Mittelstandskonjunktur: Erholung setzt sich im ersten Quartal - sehr muehsam - fort
Frankfurt/Main (ots) -
Die im Herbst 2003 begonnene konjunkturelle Erholung im
Mittelstand setzte sich zu Jahresbeginn fort - allerdings unter
großen Mühen, denn die Aufwärtsbewegung verlor erkennbar an Dynamik.

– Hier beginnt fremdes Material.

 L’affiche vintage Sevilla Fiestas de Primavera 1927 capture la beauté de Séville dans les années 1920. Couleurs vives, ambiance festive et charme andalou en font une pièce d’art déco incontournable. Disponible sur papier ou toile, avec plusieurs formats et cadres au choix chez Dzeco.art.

Dies zeigen die aktuellen Ergebnisse des KfW-Indikators
Mittelstandskonjunktur für das 1. Quartal 2004*. Gegenüber dem
Vorquartal stieg der Indexwert lediglich um 0,4 Zähler, nachdem der
entsprechende Zuwachs im Schlussquartal des Vorjahres noch bei 2,8
Punkten gelegen hatte. Zu dem aktuellen Anstieg beigetragen haben
sowohl die neuen als auch die alten Bundesländer.
Der Vergleich der vier Hauptwirtschaftsbereiche zeigt Gewinner und
Verlierer. Auf der Sonnenseite der Konjunktur steht derzeit eindeutig
das Verarbeitende Gewerbe, das mit einem Vorquartalsplus von 3,3
Punkten zugleich den Vorjahrestand (+3,0) sowie, erstmals seit Ende
2001, auch den langfristigen Durchschnitt (+0,9) wieder übertraf.

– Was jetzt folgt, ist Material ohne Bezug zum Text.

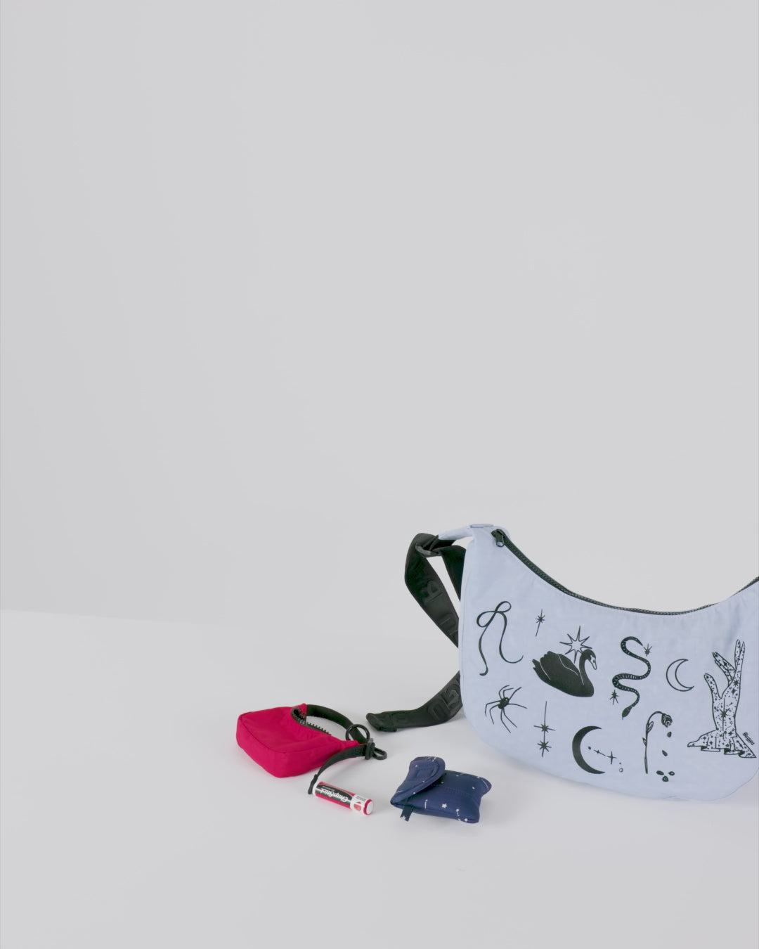 Baggu's Crescent Bag charm decorates your larger bag while keeping small items like credit cards or lip balm close at hand.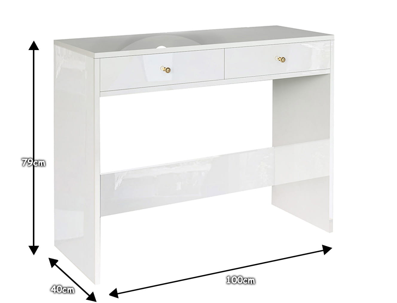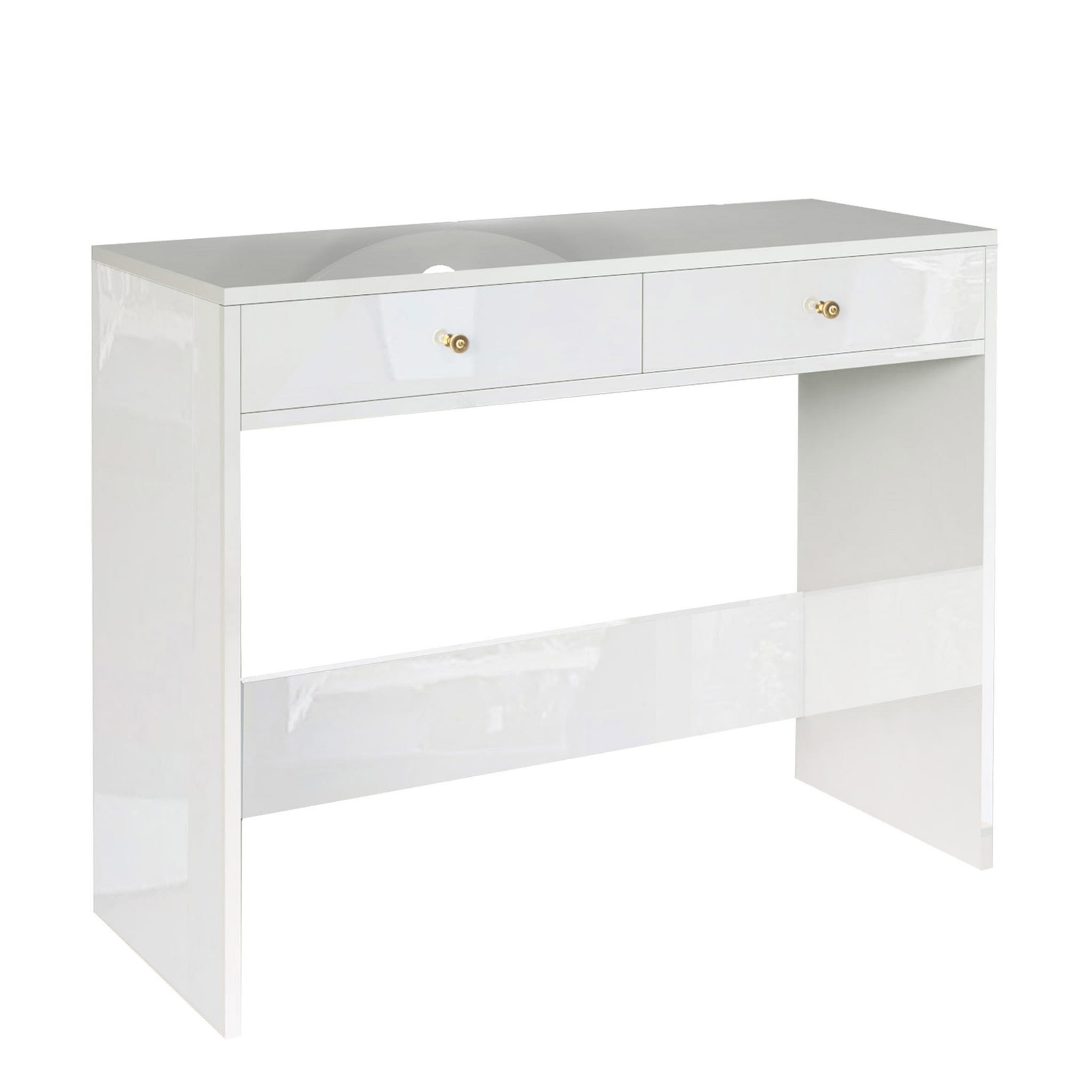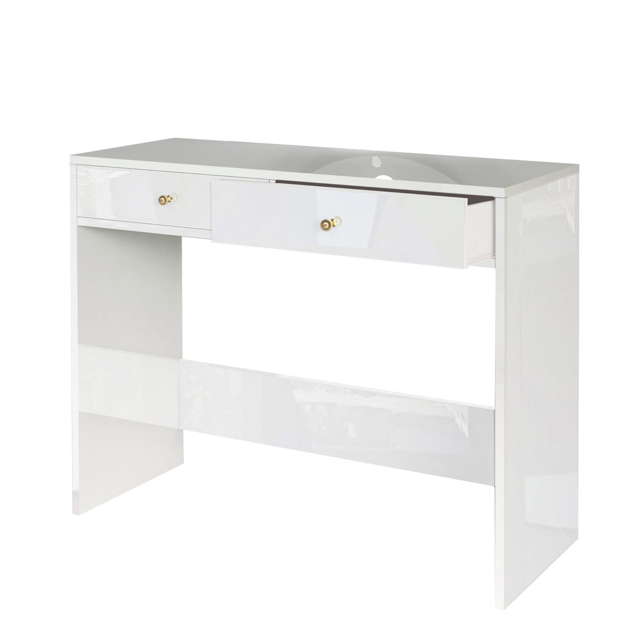 Biurko Mega to idealne rozwiązanie dla ludzi ceniących minimalizm i prostą formę. Dwie szufladki pomieszczą niezbędne drobiazgi. Doskonale wkomponujesz je w swoje wnętrze również jako nowoczesną konsolę. Wykonana jest w całości z płyty akrylowej na wysoki połysk o grubości 18mm oklejona ABS o grubości 10 mm. Dwa złote metalowe uchwyty dodadzą klasy i elegancji.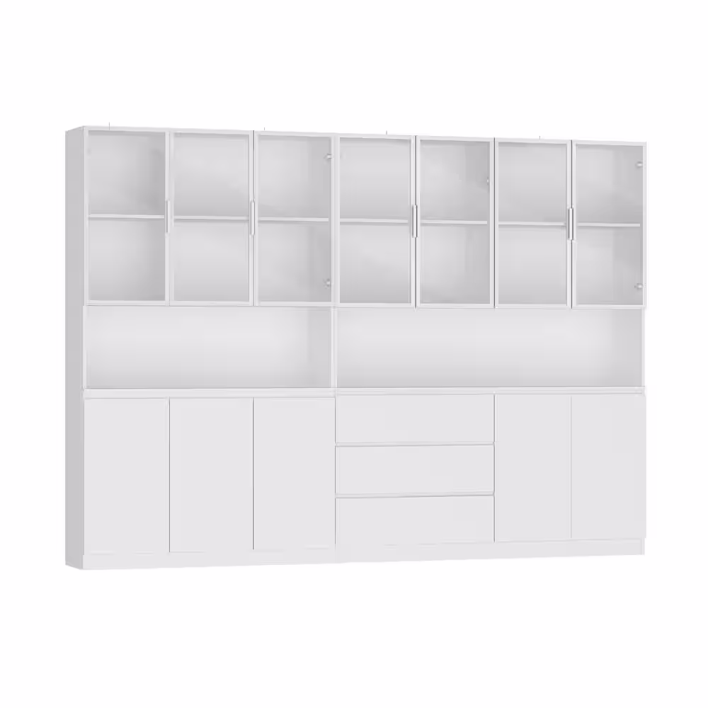 None 78.7 in. Tall White Wood 16-Shelf Standard Bookcase Freestanding Cabinet With Tempered Glass Doors, 3 Drawers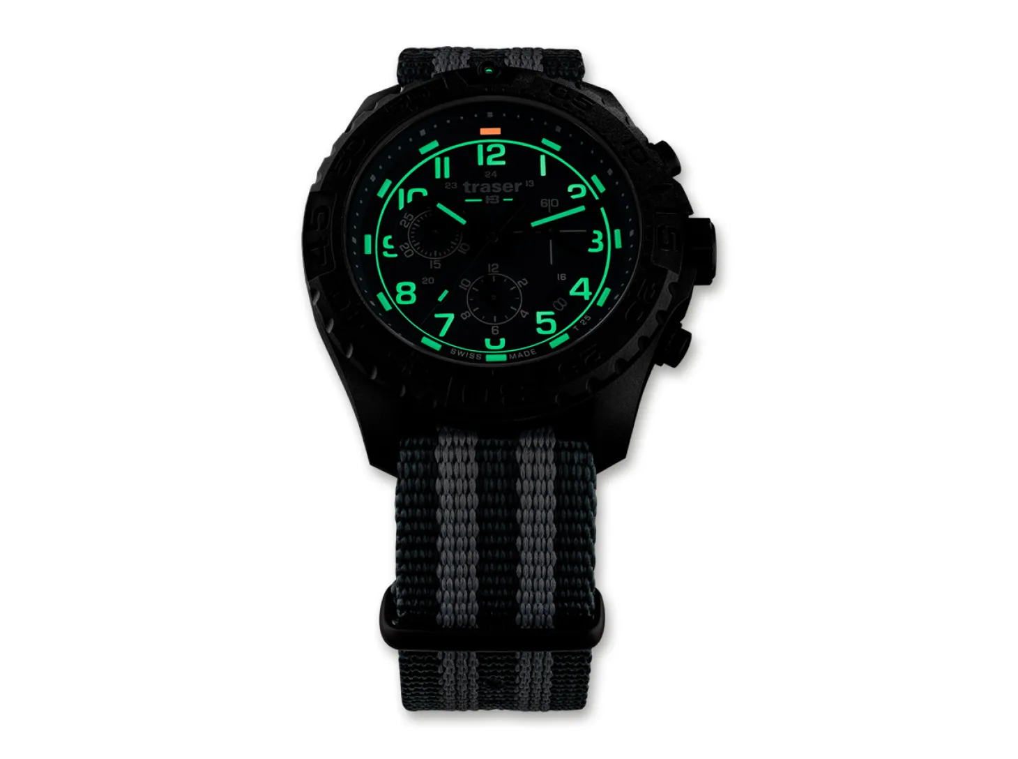 Die Traser P96 OdP Evolution ist der ideale Zeitmesser für Entdecker und Outdoor-Enthusiasten, der bei keinem Abenteuer fehlen darf. Extrem leicht, zäh und robust – diese Eigenschaften charakterisieren die sportliche P96 Outdoor Pioneer am besten. Zusätzliche Robustheit verleiht der P96 ein widerstandsfähiges glasfaserverstärktes Polymer-Gehäuse. Die Ablesbarkeit bei Nacht ist durch die hauseigene Selbstleuchttechnologie trigalight jederzeit gewährleistet.Die Uhr hat einen Durchmesser von 44 Millimetern und ist mit anti-reflektierendem, kratzfestem Saphirglas und einem Original Swiss Made Quarz Chrono Uhrwerk ausgestattet. Die grünen Ziffern und Uhrzeiger sitzen auf einem grauen Ziffernblatt. Das mehrfarbige Nato-Armband ist angenehm zu tragen. Die Uhr verfügt über eine Stoppfunktion und ist wasserdicht bis 20 bar oder 200 Meter. Die trigalight Selbstleuchttechnologie erleuchtet Index 1 bis 11 in grüner Farbe und Index 12 in orangener Farbe. Zusätzlich ist die einseitig drehbare Lünette mit Super-LumiNova beschichtet.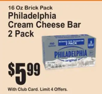 16 Oz Brick Pack Philadelphia Cream Cheese Bar 2 pack

Dabei dürfte der industrielle Mittelstand - nicht zuletzt wegen
seiner engen Liefer- und Leistungsverflechtungen mit den großen
exportorientierten Unternehmen - von dem globalen Aufschwung
besonders profitiert haben.
Alle anderen Sektorenindizes notieren dagegen weiterhin und zum
Teil deutlich unterhalb ihrer langfristigen Durchschnitte, wenngleich
die Bauwirtschaft mit einem sehr kräftigen Zuwachs gegenüber ihrem
Allzeittief zum Ende des vergangenen Jahres (+12,9) wieder etwas
Boden gutmachten konnte. Im Vorquartalsvergleich Einbußen hinnehmen
musste dagegen der Handel (-3,3), aber auch die Dienstleister (-5,4).

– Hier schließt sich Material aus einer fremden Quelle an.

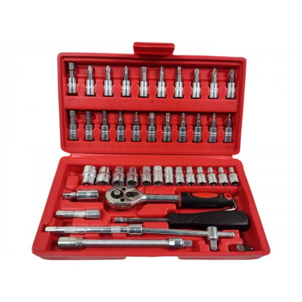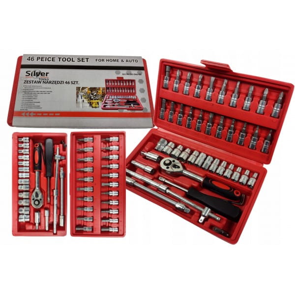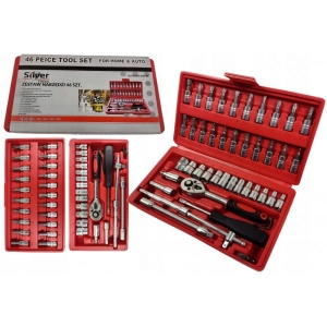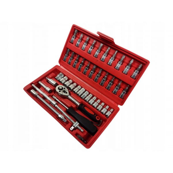 Zestaw kluczy nasadowych składa się z 46 elementów, wykonanych z wysokiej jakości stali chromowo-wanadowej.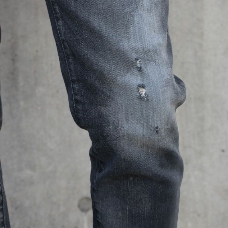 全体的に小さめのクラッシュ加工とペンキ加工が施されていて、裾はカットオフ仕様。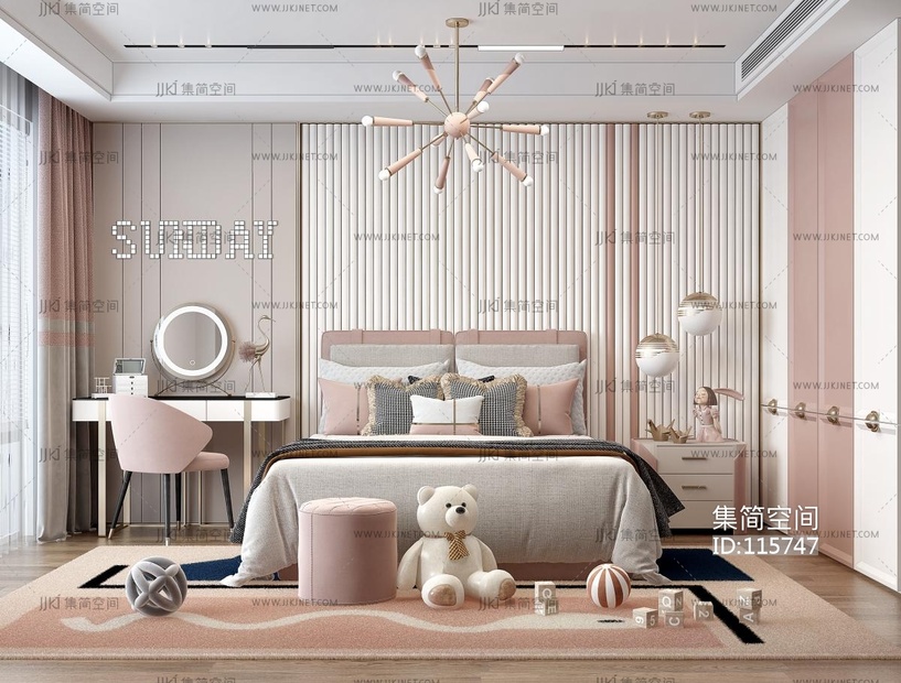 现代儿童房 女孩房 3d模型下载 [模型ID:115747]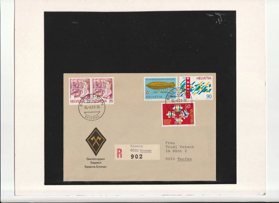 Schweiz-Feldpost-Einschreiben " 6032 Emmen - 9053 Teufen " 14.06.1991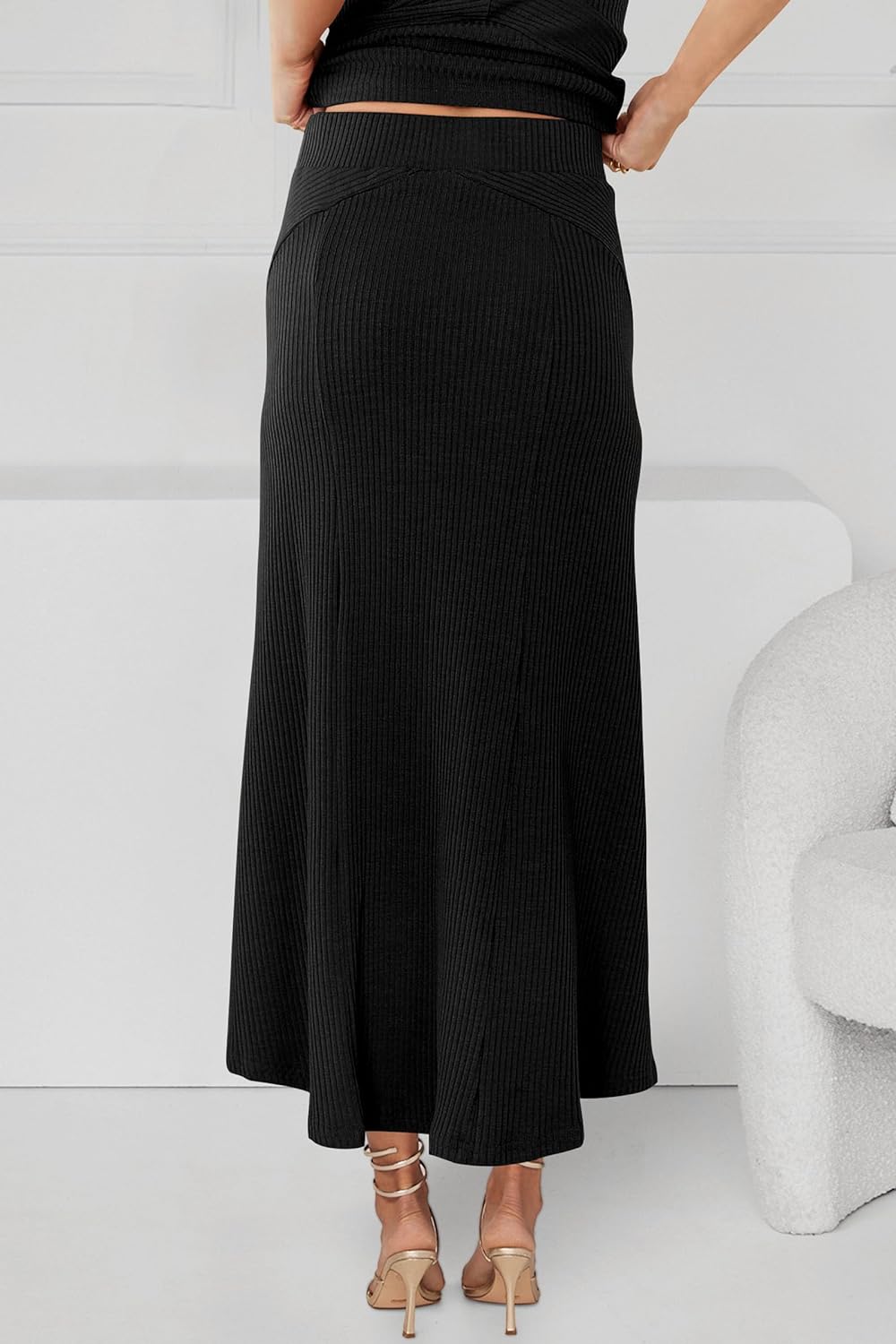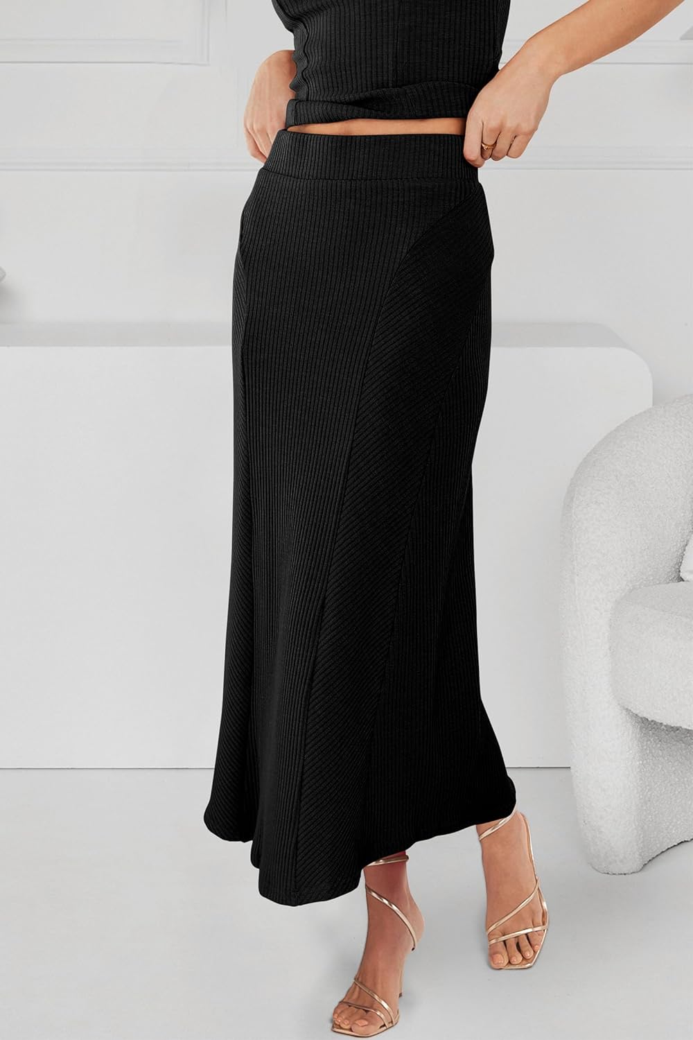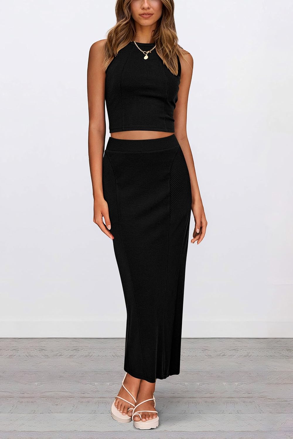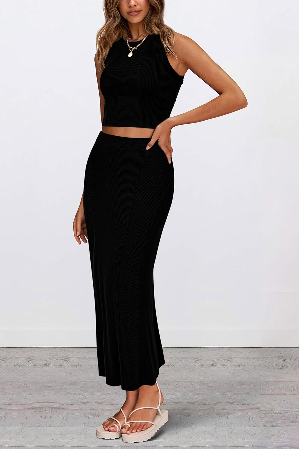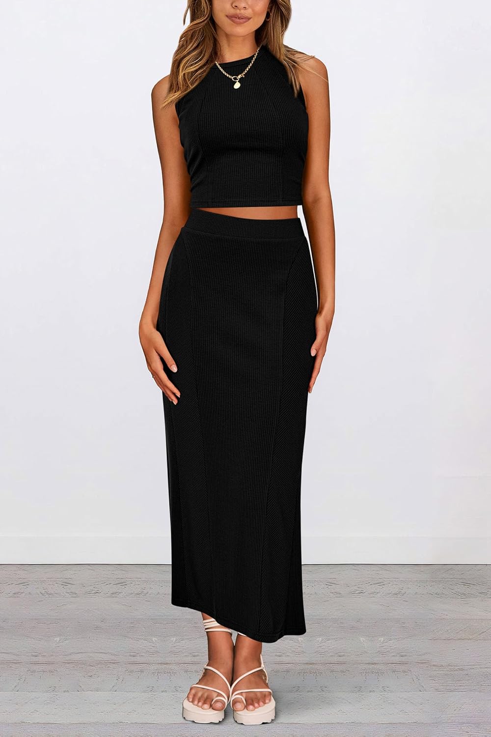 PRETTYGARDEN Womens Summer Two Piece Outfits Ribbed Crewneck Sleeveless Cropped Tank Tops and Bodycon Midi Skirt Matching Set(Black)

"Die anhaltende Erholung im Mittelstand nach mehreren Jahren der
Schwäche ist, auch wenn sie in ihrer Stärke noch sehr bescheiden
ausfällt, für sich genommen eine gute Nachricht", sagte
KfW-Chefvolkswirt Dr. Norbert Irsch in Frankfurt. Allerdings verbinde
sich mit dem bereits wieder nachlassenden Tempo der Aufwärtsbewegung
sowie der noch immer schmalen sektoralen Basis die deutliche Warnung,
dass die Mittelstandskonjunktur weiterhin sehr fragil ist und bei
unvorhergesehenen Schocks leicht wieder kippen kann. "Umso wichtiger
ist es, die internen Wachstumskräfte durch eine Fortsetzung der mit
der Agenda 2010 begonnenen Strukturreformen zu stärken", so Irsch.
*Dem Indikator liegen die Angaben KfW-geförderter Unternehmen mit
höchstens 500 Beschäftigten und maximal 50 Mio. EUR Jahresumsatz über
ihr zentrales Investitionsmotiv zu Grunde (rund 2.000 Fälle pro
Quartal). Ein zunehmender Anteil von Unternehmen, die
Geschäftsausweitungen planen, wird, ebenso wie ein rückläufiger
Rationalisiereranteil, als positives Konjunktursignal gewertet. Die
Antworten werden mit dem Umsatz der in dem Bezugsquartal geförderten
Investoren gewichtet sowie, unter Zugrundelegung fixer Branchen- und
Regionengewichte, in einen Index [2000=100] überführt. Berechnet wird
der Indikator für drei regionale (Deutschland, West, Ost
einschließlich Berlin) und vier sektorale (Verarbeitendes Gewerbe,
Bau, Handel, Dienstleister) Segmente.